J’ai ce poids sur mes épaules car à la fin, si on rentre en France et que tout foire, ça sera d’abord ma responsabilité.

On aimerait rentrer sur Bordeaux, ou j’ai passé une grande partie de mes vacances d’été et mes études supérieures. Je suis en train de discuter avec ma boîte pour travailler avec le bureau parisien. David continuerait à faire sa musique ce qui pourrait lui apporter de beaux projets. Et on mettrait les enfants à l’école internationale pour qu’ils ne perdent pas l’anglais. »

Pour finir je lui demande qu’est ce qui a fait qu’elle se soit sentie aussi bien à Singapour toutes ces années ?

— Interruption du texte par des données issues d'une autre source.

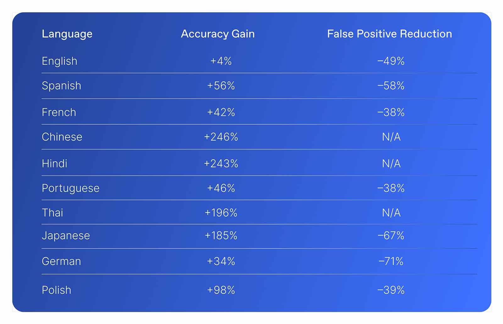 We benchmarked our new moderation model on Lakera’s internal Challenging Moderation Benchmark, a multilingual dataset designed to expose edge cases that often trip up moderation systems. Despite the difficulty, the new model achieved 60% fewer false positives overall while improving accuracy by over 200% in low-resource languages like Hindi and Chinese.

« Singapour ça me ressemble, c’est en phase avec ce en quoi je crois. C’est un subtil mix de super pro, super moderne, on avance vite, et à la fois il y a beaucoup de nuances …une culture, un rapport à l’autre, aux anciens, une dynamique interpersonnelle très particulière. C’est de perdre ça d’ailleurs, qui me fait peur à l’idée de partir, et retrouver des choses en France que je n’aime pas … comme par exemple le rapport à la réussite vécu comme quelque chose de suspect, le manque d’ouverture d’esprit, l’arrogance, les comportements de petit chef ou encore l’état d’esprit des gens qui ne supportent pas de voir les autres grandir».